Using the confidence interval with 0.05 significance level:
$$
\hat{p} \pm z*\sqrt{\hat{p}(1-\hat{p})/384} = 0.12 \pm 6.3*\sqrt{0.12(1-0.12)/384}
\\ \mbox{I get the following} \\
0.0155 < 0.05 <0.224
$$
So according to the confidence interval I cannot reject the Null. Is it I doing something wrong or is it sometimes the case that there is a disagreement between the two approaches? Granted there are cases in which the the CI and the p-value disagree which one should I go with? Thanks.
Best Answer
With large $N$, your test statistic will be distributed as a normal. Thus, we can refer to your test statistic as "$z$", and we can also use "$z$" to refer to the asymptotic sampling distribution. However, these are not the same $z$'s. When you form your $1-\alpha\%$ confidence interval, you need to multiply the standard error by $z_{1-\alpha/2}$ to get the right increment. You then add (subtract) the product from your observed percentage to get the confidence limits.
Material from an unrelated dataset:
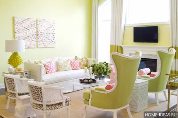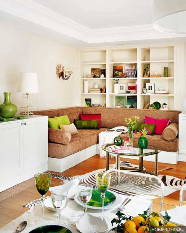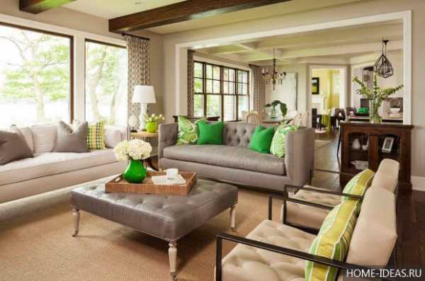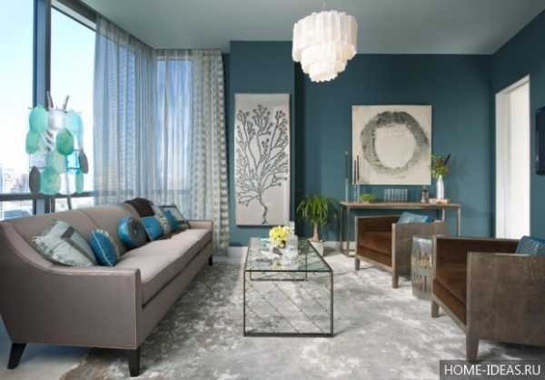 Эта мода пришла к нам из западных стран, где принято общий оттенок помещения делать в нейтральной гамме, а чтобы подчеркнуть стиль, выбирают яркие оттенки — зеленый, светло-бирюзовый, красный или темно-шоколадный — и добавляют детали в этих цветах — например, диванные подушки, вазы или картины. Эти цвета прекрасно сочетаются.

For example, if you wanted a $95\%$ confidence interval, you would multiply your standard error by $z_{.975} = 1.96$. If you use this value, your confidence interval is:
\begin{align} \hat{p} \pm z_{1-\alpha/2}\times \sqrt{\frac{\hat{p}(1-\hat{p})}{N}} &= 0.12 \pm 1.96\times\sqrt{\frac{0.12(1-0.12)}{384}} \\[10pt] &= 0.0872 < 0.12 < 0.15 \end{align} which agrees with your hypothesis test.